- En cas de dénutrition, le patient pourra être réalimenter : perfusions, alimentation par
SNG de « gavage ».
- Si suspicion de cancer, biopsie programmée soit au cours de l’intervention, soit par
fibroscopie (œsophage, estomac, duodénum), soit par coloscopie (colon, rectum).
- Préparation kiné si besoin : apprendre à tousser, cracher, pour que les mouvements
soient efficaces ne post opératoire et ainsi prévenir le risque d’encombrement
bronchique.
- Préparation colique : nettoyer le côlon (Colopeg *, Fortrans *, Clean prep * …).
6) Préparation du patient et de la chambre d’opéré
- Prévoir un matelas préventif anti-escarres : chirurgie lourde, proctologie (maladies du
rectum et de l’anus), patients dénutris …
- Dépilation.
- Douche pré-opératoire avec un savon antiseptique et chemise d’opéré : faire retirer
vernis à ongles, prothèse, bijoux.
- Patient à jeun depuis minuit : ni boire, ni manger, ni fumer.
- Prémédication : anxiolytique type Atarax *, Xanax * per os.
- Constantes : pouls, TA, température.
- Ne doit plus se lever, ou alors accompagné (faire uriner avant).
- Vérifier que le dossier du malade est complet et noter les derniers soins.
- Etre présent, le rassurer lorsque les brancardiers viennent le chercher pour le bloc.
- Préparation de la chambre d’opérée pour le retour de bloc : nettoyage de la chambre et
préparation du matériel : matériel à O2, matériel à aspiration, pied à sérum, pousse
seringue, réglette à PVC si VVC, pansements américains, compresses stériles, haricot,
urinal, bassin, cantine à diurèse, ceinture abdominale si incision médiane.
- Badigeonnage avec une solution antiseptique même gamme+ champ stérile : se fait en
général au bloc.
II) Soins post-opératoires
En unité de soins :
- Dès son retour de salle de réveil, le patient est pris en charge par l’infirmière.
- Récupérer les informations concernant le patient : prescriptions et consignes du
médecin anesthésiste et du chirurgien.
- Veiller à la bonne installation + sonnette.
- Surveiller son état de conscience : lui parler, le restituer.
- Prendre les constantes : pouls, TA, température, réchauffer le patient.

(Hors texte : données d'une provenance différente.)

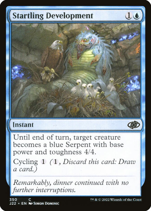 Jumpstart 2022Out of stockUntil end of turn, target creature becomes a blue Serpent with base power and toughness 4/4. Cycling {1} ({1}, Discard this card: Draw a card.)

- Evaluer la douleur : cotation verbale, EVA, et administration d’antalgique prescrits.
- Vérifier les perfusions : voie veineuse (VVC, VVP) débit, liquide perfusé, mesurer la
PVC.
- Contrôler l’état ventilatoire du patient : fréquence respiratoire, encombrement
éventuel, O2 si besoin sur PM (lunettes), si possible surélever la tête, voire ½ assis (si
cicatrice haute) sauf avis médical contraire. Aider à tousser, cracher.
- Contrôler la sensibilité et la motricité des extrémités.
- Si nausées, vomissements, mettre le patient sur le côté, prévoir un « haricot », une
alèse de protection, et administrer un antiémétique sur PM.
- Contrôler l’état des pansements : délimiter les saignements si nécessaires, voire
renforcer les pansements, vérifier si les poches de drainages sont bien collées ( cf.
protocoles chirurgicaux) => ATTENTION soulever les draps.
- Vérifier le bon fonctionnement des drainages : drain de redon, SNG (aspiration douce
ou siphonage sur PM), quantité recueillie, aspect liquide …
- S’assurer de la reprise de l’élimination urinaire : quantité et heure de la 1ère miction,
noter la diurèse si SAD, bilan entrée et des sorties sur PM, risque de rétention urinaire
(globe vésical).
- Transmissions orales et écrites précises, horodatées, signées.
- Informer le patient sur la suite des soins.